Defending The Guilty
By Timothy J. McClain

For fun and constitutional obligation, defense attorneys
represent accused murderers, rapists and white collar thieves

Our fathers claimed, by obvious madness moved,
Man's innocent until his guilt is proved.
They would have known, had they not been confused,
He's innocent until he is accused.

Ogden Nash

"You Can’t Get There From Here"

Confront defense attorney Jaunita Brooks at a cocktail party about how she can, in good conscience, represent guilty people, and her first inclination is to flee.

    "Normally, I walk away and try to engage somebody else in conversation," Brooks says. "But if they won’t let me, the honest answer is that I am not the one that makes the judgment about whether the person is guilty or not. My role as a criminal defense lawyer is to keep the system honest. Either a judge or a jury or my client will make the determination (of guilt)."

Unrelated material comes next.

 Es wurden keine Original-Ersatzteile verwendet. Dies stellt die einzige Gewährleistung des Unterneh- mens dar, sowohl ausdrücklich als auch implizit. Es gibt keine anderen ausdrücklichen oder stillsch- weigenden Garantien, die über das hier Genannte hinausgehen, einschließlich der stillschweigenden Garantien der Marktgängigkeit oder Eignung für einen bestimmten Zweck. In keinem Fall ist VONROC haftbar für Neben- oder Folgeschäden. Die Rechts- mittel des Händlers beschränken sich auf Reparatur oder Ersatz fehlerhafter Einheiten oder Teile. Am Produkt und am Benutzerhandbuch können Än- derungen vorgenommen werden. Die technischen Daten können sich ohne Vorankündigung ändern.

    Just doing her job. Like her colleagues, Brooks, a partner with McKenna & Cuneo, notes that about 95 percent of all people charged with a crime end up guilty via plea bargaining. (Of the 16,573 felony cases filed by the San Diego District Attorney last year, only 688 went to trial.) So by default, the overwhelming number of clients defense attorneys represent are found guilty of something. The remaining 5 percent, defense attorneys say, have a legitimate need for a trial, with the primary reasons being disagreement over plea bargain offers or belief that the accused is innocent of the charges.

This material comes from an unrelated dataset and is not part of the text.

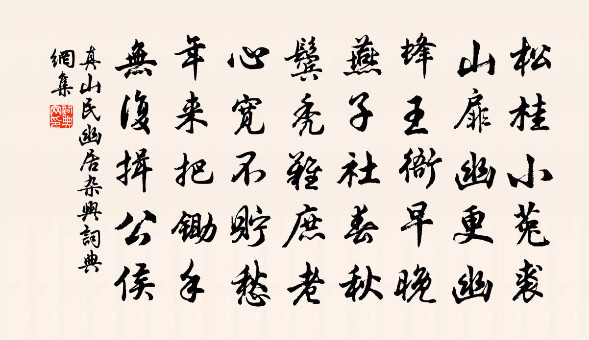 詩詞名句歷史字典書法欣賞書法字典國語詞典說文解字康熙字典古漢語字典標 題 作 者 詩 句 幽居雜興作者:真山民 朝代:宋代幽居雜興原文松桂小菟裘,山扉幽更幽。蜂王衙早晚,燕子社春秋。鬢禿難庶老,心寬不貯愁。年來把鋤手,無復揖公侯。詩詞問答問:幽居雜興的作者是誰?答:真山民問:幽居雜興寫於哪個朝代?答:宋代真山民幽居雜興書法欣賞幽居雜興書法作品詩詞推薦別圓澄禪師陳師道〔宋代〕法施老人臥不出,呼我取別行問疾。摩盤拭箸勸一飽,少待須臾莫蒼猝。早年著眼覷文字,萬卷初無一言契。多生天申萬壽宮岳珂〔宋代〕湖{左氵右父}溪邊春草青,張公洞下泉泠泠。兩行松檜列旌纛,中有金堂開福庭。壯哉神力出杳冥,樓觀矗立排頌證道歌證道歌釋印肅〔宋代〕頓入無生知見力,不問晴乾並雨濕。逢場作戲弄心花,彼自紛紛非我急。太常引 鳴鶴餘音卷之四譚處端〔元代〕非僧非俗亦非仙。茅屋兩三椽。白石與清泉。更誰問、桃源洞天。一爐寶篆,一甌春雪,澆灌淨三田。閒想穀神篇再游蔣山李流謙〔宋代〕寒山寺里立斜暉,只有垂楊自在垂。不待新亭成灑涕,向來已識寧馨兒。送臧奎之寧州謁韓使官魏野〔宋代〕路遠邠郊外,嚴冬去若何。時平防賊少,山險下驢多。塞色晴猶慘,蕃音譯尚訛。賢侯雖禮待,陟屺願頻歌。江上孔武仲〔宋代〕萬里長江一葉舟,客心蕭索已驚秋。亂霞影照山根寺,落日光翻水面樓。淺浦耀金知躍鯉,前灘點雪兒棲鷗。少年舟中見獵犬有感宋琬〔清代〕秋水蘆花一片明,難同鷹隼共功名。檣邊飯飽垂頭睡,也似英雄髀肉生。思歸八絕胡寅〔宋代〕夜夢俞音出帝闈,朝來江雨已生肥。扁舟載酒吹長笛,未減遼東獨鶴歸。李仁甫侍講閣學輓詩二首楊萬里〔宋代〕高議春江壯,長身野鶴孤。生涯一杯酒,行李五車書。凡例今迂叟,聲名後老蘇。岷峨氣悽愴,不為玉將珠。思耕亭高斯得〔宋代〕莘郊投耒興,六百奠殷祀。南陽轟耰出,漢業僨還起。聖賢憂世心,秋月照寒水。彼哉植杖徒,長在見何庳。我讀點絳唇丘崈〔宋代〕嘆之,作此,乃三月九日也。是日,楊花甚盛,蓋風雲花落花開,等閒不管流年度。舊遊何處。淺立空凝佇。驚拍偶至東堂范成大〔宋代〕岸幘蕭騷雪滿簪,一閒真是直千金。歸來栗里多情話,病後香山少醉吟。久坐 * 焦葉放,閒拖藜杖蘚花深。飢時泛舟回邑次韻史堯弼〔宋代〕人言佳句有風流,不羨騷人賦遠遊。坐遣目前無限意,筆端風起白苹洲。席上有舉東坡集歸去來字詩十首醉中戲續一首宋伯仁〔宋代〕傲世欲何求,歸來已倦遊。琴詩聊自嘯,丘壑復相留。問菊時攜酒,乘風或棹舟。樂天良有以,心事老田疇。初歸雜詠陸游〔宋代〕齒豁頭童盡耐嘲,即今爛飯用匙抄。朱門漫設千杯酒,青壁寧無一把茅?偶爾作官羞問馬,頹然對客但稱貓。此身詠漢高祖於季子〔唐代〕百戰方夷項,三章且代秦。功歸蕭相國,氣盡戚夫人。春日田園雜興李萼〔宋代〕村居只是舊衣冠,北墅南園熟往還。雨外泥深牛過觫,花邊風暖鳥開半。躬耕自得莘郊樂,日涉誰知陶逕閒。只說折丹桂 贈丹陽王哲〔元代〕氣財酒色相調引。迷惑人爭忍。因斯染患請郎中,思使言,你且盡。不須把脈休頻診。死病今番準。這回須去不推自述王珪〔唐代〕少從客路千波轉,老入流年萬事疏。野鶴定知乘寵誤,春冰多愧踐名虛。幾思漢殿金盤露,恣閱蓬山綠字書。未報名句推薦彩舟載得離愁動。無端更借樵風送。賀鑄《菩薩蠻·彩舟載得離愁動》 重鑄鋤犁作斤,姑舂婦擔去輪官,輸官不足歸賣屋。元稹《田家詞 / 田家行》 人生如寄,何事辛苦怨斜暉。朱熹《水調歌頭·隱括杜牧之齊山詩》 搖落深知宋玉悲,風流儒雅亦吾師。杜甫《詠懷古蹟五首·其二》 白髮悲明鏡,青春換敝裘。岑參《武威春暮聞宇文判官西使還已到晉昌》 新葉初冉冉,初蕊新霏霏。謝朓《詠落梅》 東園載酒西園醉,摘盡枇杷一樹金。戴復古《初夏遊張園》 人心險于山川,難於知天。莊子《莊子·雜篇·列禦寇》 不種閒花,池亭畔、幾竿修竹。陸容《滿江紅·詠竹》 善惡同,則功臣倦。黃石公《三略·上略》

    Yet in an era of sweeping anti-crime movements, with polls repeatedly showing the public feeling less safe than ever despite statistically-favorable crime trends, defense attorneys admit they are feeling the heat of public scrutiny. The attention paid to O.J. Simpson's legal "Dream Team," and the success it achieved with the acquittal in his first trial, only served to raise the temperature.

    When challenged to defend their profession, defense attorneys turn to responses that range from Brooks' scholarly approach on her role in the criminal justice system to Milton Silverman's over-the-top nightmare scenario of police busting into homes unannounced and holding knives to family members' throats to coerce confessions.

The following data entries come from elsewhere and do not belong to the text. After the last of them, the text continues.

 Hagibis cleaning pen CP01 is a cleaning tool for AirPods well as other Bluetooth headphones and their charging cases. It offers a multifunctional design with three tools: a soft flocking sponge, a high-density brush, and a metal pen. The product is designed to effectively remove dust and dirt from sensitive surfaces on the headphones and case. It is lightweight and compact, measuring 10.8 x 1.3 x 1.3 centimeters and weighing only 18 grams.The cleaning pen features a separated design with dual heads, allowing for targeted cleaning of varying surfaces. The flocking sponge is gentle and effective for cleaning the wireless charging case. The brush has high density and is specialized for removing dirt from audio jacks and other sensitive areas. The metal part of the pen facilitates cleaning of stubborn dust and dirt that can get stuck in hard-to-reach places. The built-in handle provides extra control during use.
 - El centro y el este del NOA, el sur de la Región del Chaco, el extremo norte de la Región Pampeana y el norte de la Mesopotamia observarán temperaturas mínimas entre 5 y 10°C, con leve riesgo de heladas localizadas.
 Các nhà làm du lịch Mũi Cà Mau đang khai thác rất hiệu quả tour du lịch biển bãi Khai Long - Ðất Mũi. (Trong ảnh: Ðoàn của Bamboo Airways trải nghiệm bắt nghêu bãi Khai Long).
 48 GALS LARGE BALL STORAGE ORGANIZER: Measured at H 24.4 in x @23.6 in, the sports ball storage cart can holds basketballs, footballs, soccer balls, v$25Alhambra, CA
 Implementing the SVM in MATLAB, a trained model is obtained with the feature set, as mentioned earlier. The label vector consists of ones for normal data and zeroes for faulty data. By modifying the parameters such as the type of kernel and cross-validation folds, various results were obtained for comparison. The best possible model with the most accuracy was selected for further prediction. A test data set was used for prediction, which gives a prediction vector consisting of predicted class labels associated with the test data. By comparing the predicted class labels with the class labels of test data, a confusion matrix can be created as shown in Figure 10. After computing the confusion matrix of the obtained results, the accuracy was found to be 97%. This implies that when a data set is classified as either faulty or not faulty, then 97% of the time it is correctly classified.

    Pointed humor too has its place. "I was once asked by a minister, 'How can you represent guilty people?'" says Carmela Simoncini of Appellate Defenders Inc. "I asked him, 'How can you preach to sinners?'"

    Attorney Kerry Steigerwalt, whose clientele tends to be wealthy and charged with violent crimes, says he regularly faces questions about defending guilty clients. "My answer is they aren’t always guilty," says Steigerwalt, 38. "They truly aren’t. And when they are guilty, they are not always as guilty as the prosecution makes them out. And when and if they are guilty, the question becomes: Why did this happen?"

    Simoncini describes defense attorneys as professionals under fire in part due to skillful marketing by prosecutors. Simoncini recently earned the media limelight for getting a man, Frederick Daye, 36, out of jail 10 years after he had been wrongly incarcerated for a rape, robbery and kidnapping.

    "A lot of people, because of a very effective public relations campaign, feel that the district attorney or the (state) attorney general or the U.S. Attorney represent the people; that they are their attorneys," Simoncini says. "But that’s not true. They are all part of the executive branch of the government. And they have at their disposal a great arsenal of devices to not only make accusations, but to prove them."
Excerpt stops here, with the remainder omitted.